翌日、フルーツ問題を抱えたままの面持ちで仕事に行くと、先輩にこんなことを言われた。「ねえ、昨日もらったラフランス食べた?美味しかったよね〜。ところでフルーツって何が一番好き?」

う、うわあああああ。

なんてことだ。まさか、悩み始めた翌日に例の質問が!すみません、まだ傾向と対策が間に合ってないんです!昨日は手がベタベタで赤本を開けなくて..。

私は意を決して言った。「実はちょうど昨日、ラフランスが一番好きだな〜と思っていたところでした。なのに先月は、柿が一番だと思ってました。この調子だと来月にはまた変わってます。自分が何が一番好きなのか分からないんです…」

すると先輩は笑った。「何それ。なんかそれ、す〜っごくあなたっぽいじゃない。

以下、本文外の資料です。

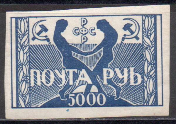 5000 рублей. Синяя. Литография. Без Зубцов. Свой клей.

『今が一番最高』ってことでしょ?いいじゃない!食べるたびにそれが一番になるなんて、あなたらしいよ!」

…あれ?答えられなかったのに、それが私らしい?こんな曖昧な「食べればそれが一位になる」も、解として認めてもらえるんだ。

「好きなフルーツ」のチョイスによって自分を表すことはまだできなさそうだけれど、「それに関する捉え方」という切り口でなら、自分を表すこともできるなと思ったのであった。

現状一位はラフランス。でも、今日帰ってミカンを食べたらミカンが1位になるだろう。来月にはイチゴになって、巡り巡って次の秋には、柿がまた一番になっている。

私はそういう、ボジョレーヌーボタイプの人間なのだ。